Business | Economy
Depression fears overshadow G20 summit
The "D" word has crept into the debate ahead of the Washington G20 crisis summit. Not Deflation, but Depression.
Dubai: The "D" word has crept into the debate ahead of the Washington G20 crisis summit. Not Deflation, but Depression.
The result - according to the thinking of some officials, advisers and strategists gathered at a meeting of the World Economic Forum in Dubai - is that governments and central banks should throw caution to the wind and combat the crisis with every means available.

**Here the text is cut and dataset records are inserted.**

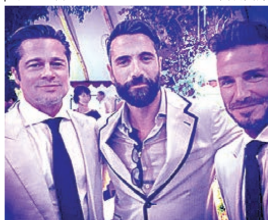
畢彼特 (左) 與碧咸 (右) 齊到賀。網上圖片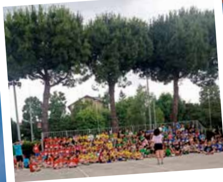
I colori dell'Oratorio Estivo 2024

Questi eventi estivi non hanno rappresentato solo momenti di svago, ma anche preziose opportunità per rafforzare il senso di appartenenza e di identità locale tra i belluschesi. Sono stati momenti di incontro e di condivisione, dove le generazioni si sono mescolate e i legami di amicizia si sono consolidati. In questo modo, l'estate scorsa a Bellusco non è stata solo un periodo di relax, ma anche un momento di crescita e arricchimento personale per tutta la comunità.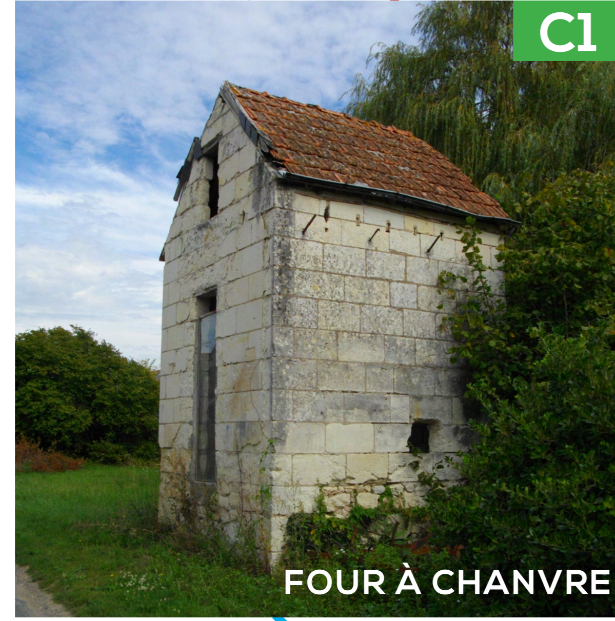
FOUR À CHANVRE

Place de l'église - 37420 Huismes huismes.mairie@wanadoo.fr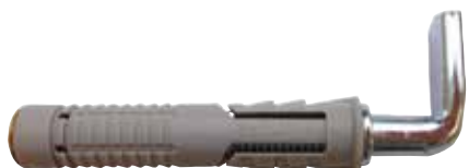
Fissaggio per scaldabagno PFS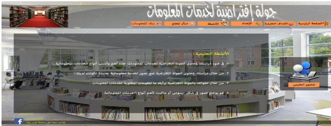
شكل (٩) صفحة الأنشطة التعليمية المستخدمة في نموذج الجولة الافتراضية

قام الباحث بتصميم هذه الأداة لتقديم مجموعة من الأنشطة التي تتم داخل الجولة حيث يقوم المتعلم بتنفيذ هذه الأنشطة وإرسالها إلي المعلم وتحتوي علي مجموعة متنوعة من الأنشطة الخاصة بخدمات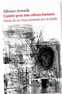
Cuánto pesa una cabeza humana Autor: Alfonso Armada Género: Poesía Editorial: Vaso Roto, 2021

Cincuenta jornadas (del domingo 15 de marzo al domingo 3 de mayo de 2020) que terminan en una coda: los lectores hemos sido testigos de una coral en que lo que hemos oído es cier-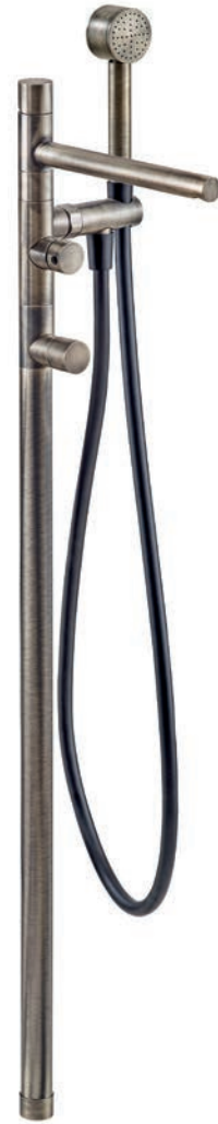
Miscelatore vasca Bath mixer Melangeur bain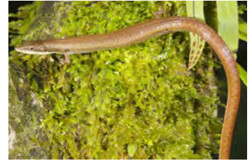
Anadia ocellata Lagartija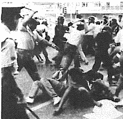
پلیس آفریقای جنوبی با شلاق به جان دانشجویان دانشگاه ژوهانسبورگ افتاده است.

اتحادیه سندیکایی آفریقای جنوبی (کوسا تو)، ائتلاف ضد آپارتاید موسوم به "جهبه متحد دمکراتیک" و سازمان دانش آموزی سراسری این کشور به نام "کمیته ملی بحران آموزشی" طی فراخوان مشترکی همه مردم آفریقای جنوبی را برای روز شانزدهم ژوئن که دهمین سالگرد سرکوب خونین قبان جوانان "سوتو" است، دعوت به اعتصاب عمومی کردند. قرار است در این روز کار در سراسر کشور متوقف گردیده و گردهمایی‌های اعتراضی علیه رژیم آپارتاید برگزار شود. اسقف "توتو" رهبر کلیسای پروتستان آفریقای جنوبی نیز از این فراخوان حمایت به عمل آورده است.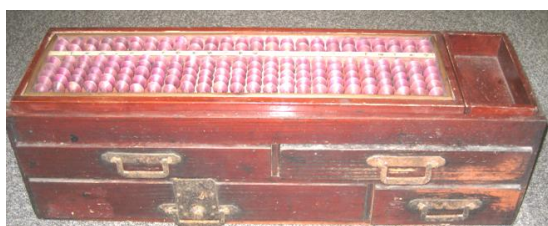
大型銭箱そろばん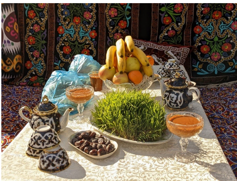
Obrázek 12. - Tradiční úprava stolu: naklíčená pšenice, sumalyak, čaj, ovoce, v modrých igelitových sáčcích je chléb a pečivo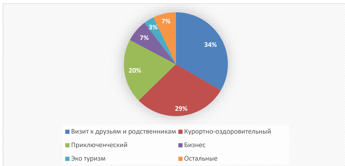
Диаграмма 3. Доля Туристов, Посетивших Кыргызстан Из Стран ВШП В 2018

Результаты выше сделанного анализа доказывают возможности перспективного развития медицинского туризма в республике по направлению профилактики и оздоровления, тем самым создавая возможности дальнейшего развития медицинского туризма в стране.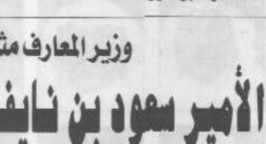
سمو النائب الثاني لدى استقباله القائمة بالأعمال بالسفارة الأمريكية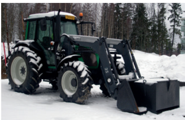
"TRAKTORILLA TEHDÄÄN TÖITÄ"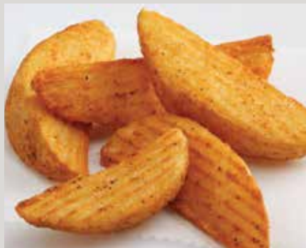
Quartiers en chapelure à saveur de poulet Lamb's Seasoned® Crinkle Deli Wedge® (D17)

Également offert : Frites Generation 7 Fries® (X30)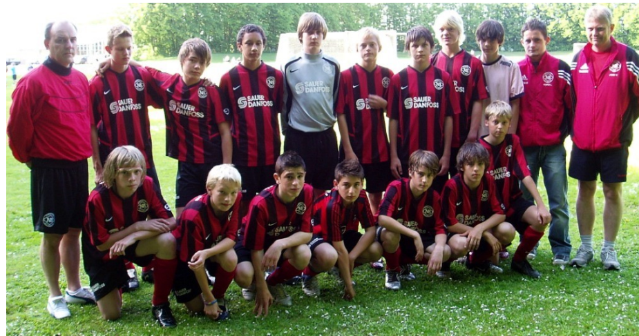
2006 var et godt år for drengenaftningen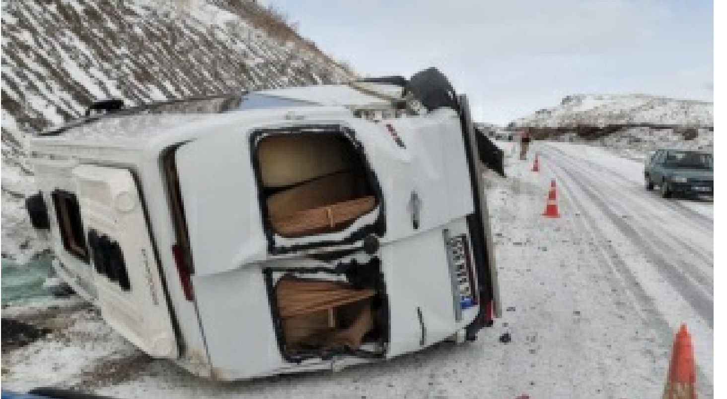
Erzincan'da devrilen minibüsteki 8 kişi yaralandı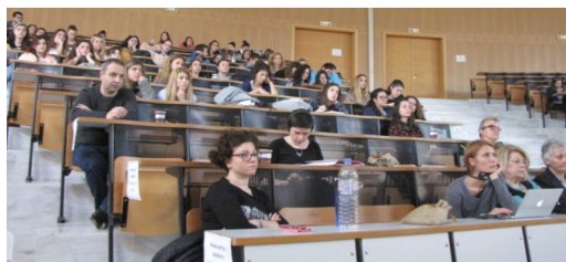
Σεμινάριο στο Ηράκλειο Ελλάδα, 6-7 Νοεμβρίου 2014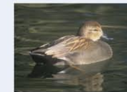
Schrotterente ( Anas strepera , engl. Gadwall), Brutvogel, ganzjährig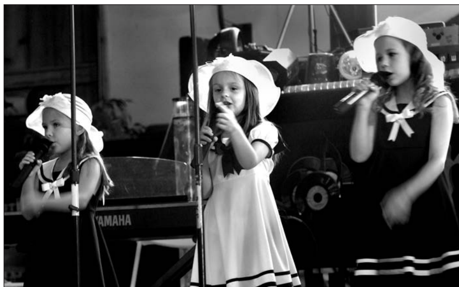
Mažosios „Tu ir aš“ dainininkės.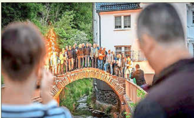
„Hohe Brücke“ Unterschönau: Abenddämmerung, Chorgesang und Feuerwerk

Traditioneller „Tag der offenen Tür“ der Freiwilligen Feuerwehr Steinbach-Hallenberg - Ab sofort können Personalausweise und Reisepässe nur noch mit digitalen Passbildern beantragt werden - 30-jähriges Jubiläum des Kegelvereins „Gut Holz“ Haseltal - vier ausverkaufte Vorträge im Rahmen der Sonderausstellung „Si komme, Si komme“ im Metallhandwerksmuseum - Ein Jahrhundert Mut, Einsatz und Bereitschaft: 100 Jahre Freiwillige Feuerwehr Bermbach - Trotz Nieselregen war der Museumstag mit Kunsthandwerkermarkt und Frühlingfest im Metallhandwerksmuseum gut besucht - ThüringenCup im Turnier-Hundesport am Hundesportplatz Stiller Berg - Unterschönau in Aktion: Dorffest, 140 Jahre Freiwillige Feuerwehr, 35 Jahre Bergwaldprojekt und 5 Jahre Zukunftswald - Feier am Kulturerbe Hohe Brücke - mit Chor, Einweihung der Infosteile und kleinem Feuerwerk -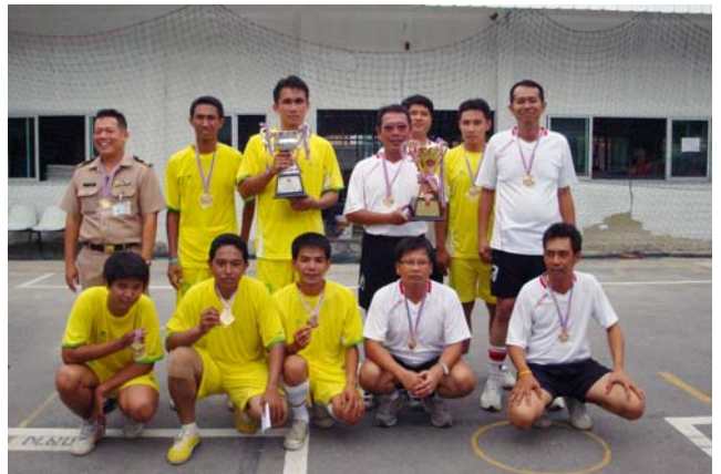
ทีมที่ชนะเลิศการแข่งขันฟุตบอล ๔ คน (ประเภทอายุเกิน ๔๐ ปี)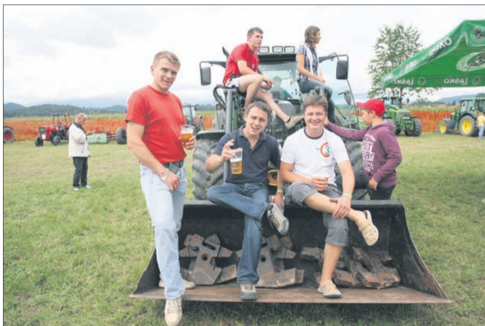
Čakanje na nastop se zna zavleči, obvezne so tudi »tekoče« priprave.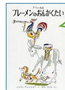
「ブレイメンのおんがくたい」福音館書店

年おいた ロバは、歌がうたえるので、おんがく音楽たいに入ろうとおもいつきました。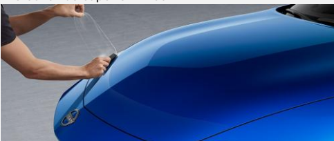
Protection du capot CHF 250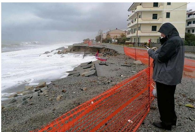
www.ilreggino.it 26 marzo 2020 _ Lungomare di Bova Marina distrutto dalla mareggiata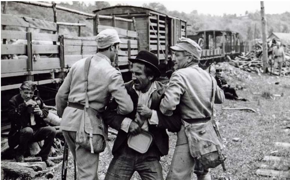
Fig. 24 – Imagine din filmul Prin cenușa imperiului , 1978 – de remarcat traistele de merinde din dotarea armatei române socialiste.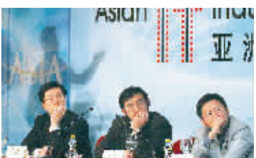
IT产业人士纵论信息技术市场。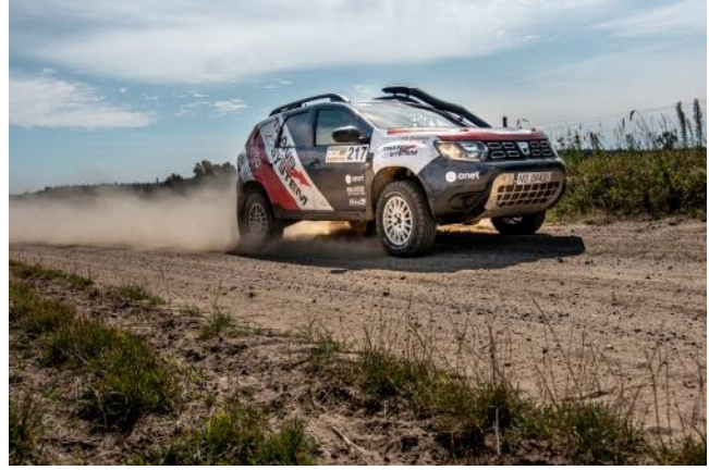
Ulazak Duster na off-road tamičenje u Poljskoj je postala tradicija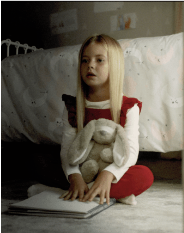
Frgamento del cortometraje 'Alicia'. VIVA

En 2017 rodó 'Black Eyed Child', que se estrenó en Fantasporto y tuvo un gran recorrido por festivales como Screampfest o Sitges, con más de 90 selecciones y 20 premios internacionales. Su siguiente trabajo, 'Abrazitos', tuvo un gran éxito.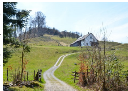
Blick zum Schauenberg

In Ortsmitte folgt man dem Wegweiser Richtung Elgg. Der Weg führt ein paar Meter den Hang hinauf, oben angekommen hat man einen herrlichen Ausblick auf den Weiler. In der Ferne ist die Kirche von Schlatt zu erkennen. Vorbei am Grenzstein von 1781 folgt man dem Weg, kommt man rechter Hand an einem Wanderwegzeichen vorbei. Hier beginnt der etwas steile 300 m lange Abstieg Richtung Hofstetten.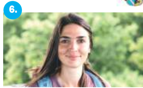
6. 2550 kilométer gyalog 72 nap alatt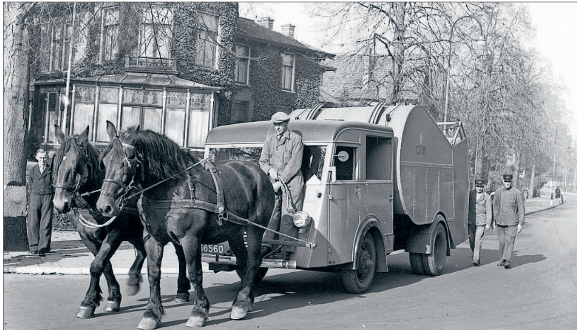
In de oorlog moesten vanwege de benzineschaarste paarden de vuilniswagens trekken.

Ook in Bussum kwamen deze faciliteiten beschikbaar, zij het met horten en stoten. Vaak waren het particuliere ondernemers die het initiatief namen, maar in de meeste gevallen ontfermde de overheid zich al gauw over deze 'nutsvoorzieningen', juist omdat de ongestoorde beschikbaarheid daarvan voor alle inwoners van cruciaal belang was (en is). De overheid, dat was aanvankelijk de gemeente. Vandaar (het ontstaan van) een gemeentelijke gasbedrijf en een gemeentelijk elektriciteitsbedrijf. In Bussum bleef waterleiding lang in particuliere handen, maar ook daar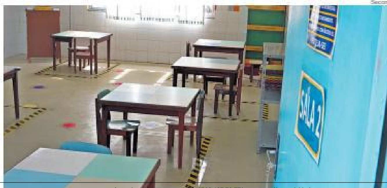
Depois de quase um ano e meio, salas de aula voltam a ter alunos e professores

Cerca de 20 mil alunos da rede municipal retornam às aulas presenciais nesta segunda-feira, segundo informou a Secretaria Municipal de Educação. O retorno ocorrerá em sistema híbrido - online e presencial - após profissionais da Educação terem recebido a aplicação da segunda dose da vacina contra Covid-19. A volta será para todos que optarem pelo ensino híbrido, desde a Educação Infantil até o Ensino Médio - incluindo EJA (Educação de Jovens e Adultos). Estão previstas atividades remotas para o complemento da carga horária diária.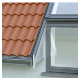
Střešní rovina s přesahem vnější obvodové zdi

*V závislosti na velikosti horních otvíracích střešních oken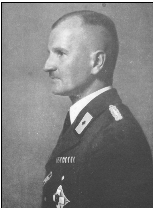
Ernst-Robert Grawitz, Reichsarzt-SS und seit 1938 Geschäftsführender Präsident des DRK

Grawitz war gleichzeitig „Reichsarzt-SS“ und in dieser Funktion verantwortlich für alle medizinischen und sanitätstechnischen Belange der Schutzstaffel (SS), zu denen auch die Konzentrationslager gehörten. Seit Anfang der 40er Jahre trug er mit die Hauptverantwortung für die brutalen medizinischen Versuche der SS-Ärzte an KZ-Häftlingen. An diesen Versuchen waren im Rahmen ihrer SS-Mitgliedschaft auch DRK-Ärzte beteiligt.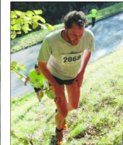
Dans certaines portions, un pas claudicant remplace les foulées galopantes.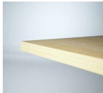
Profil 6 - 23 mm mdf rak kant, ABS dekorlist. Profile 6 - 23 mm mdf straight edge with ABS strip.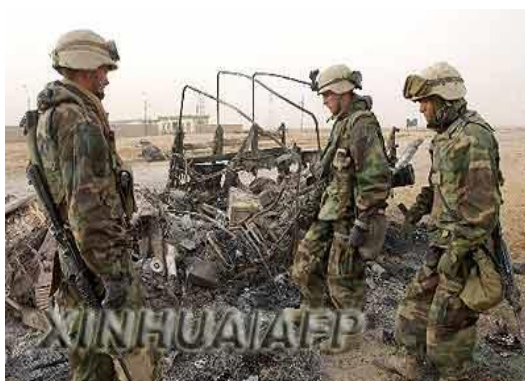
圖二 2003 年 3 月 27 日，在伊拉克南部城市納西裏耶附近，美國海軍陸戰隊士兵站在被友軍誤傷的美軍吉普旁。此次誤傷估計造成 37 人傷亡。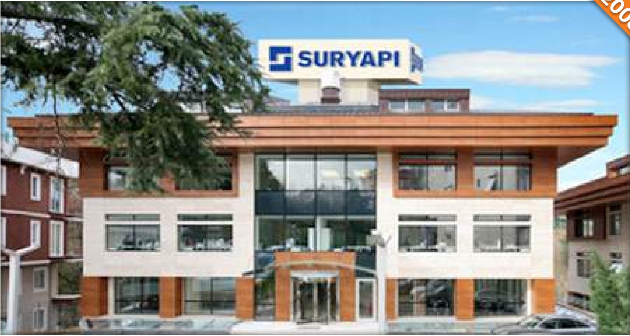
Üsküdar, İstanbul / Türkiye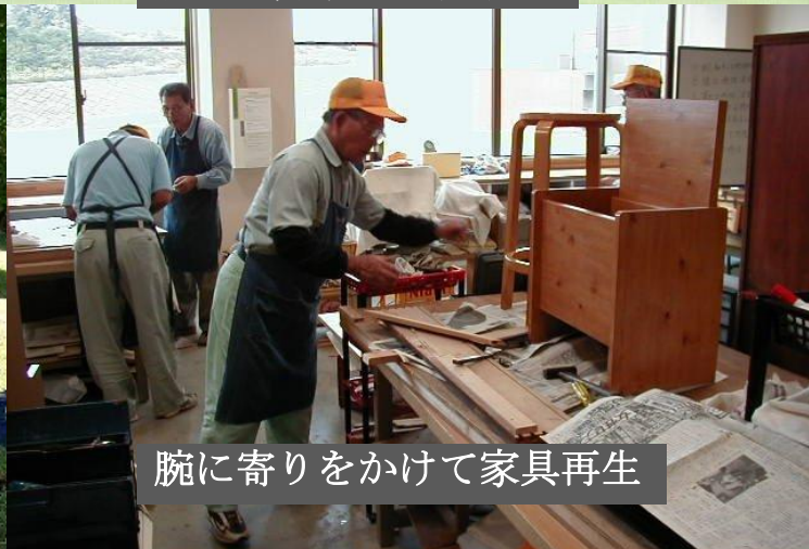
腕に寄りをかけて家具再生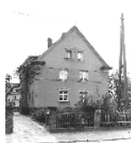
Fotonummer DF 464 996 Aufnahmejahr Fotograf Beschreibung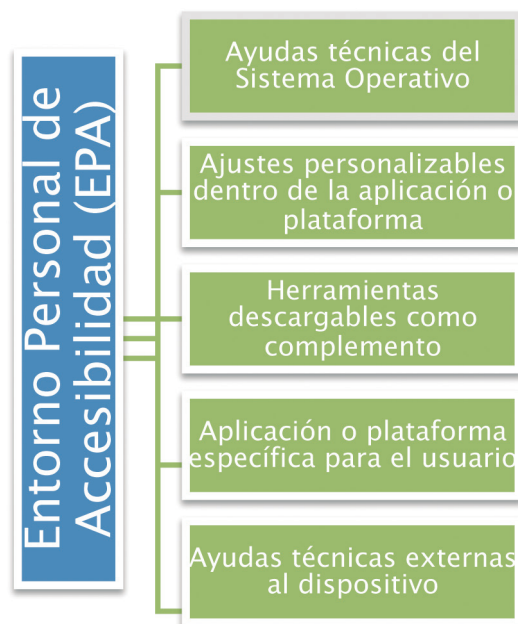
Figura 2. Posibilidades del Entorno Personal de Accesibilidad

rio en cuestión. Estas herramientas recogen todos aquellos ajustes que los dispositivos móviles incorporan en los dispositivos móviles.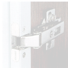
専用丁番(サリチェ社)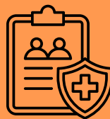
Don par assurance vie

Pensez au gens et aux causes que vous aimez! Simple, facile, accessible.

"There is a real possibility of a real, deep, international depression," said one senior monetary official, who spoke on the condition of anonymity, calling the crisis "the worst in 100 years".
Recession is now a certainty in leading western economies and the likelihood is increasing of deflation and even a global depression.
Last week, the International Monetary Fund warned the world's richest economies face their first year of contraction since World War II and leading central banks have resorted to drastic action.
The Bank of England shocked markets with a 1.5 percentage point rate cut and the European Central Bank cut by half a point, leading top central banks on a path toward the 1 per cent rate now set by the US Federal Reserve.
China, meanwhile, approved a 4 trillion yuan ($586 billion) government spending package to boost domestic demand and lift its economy.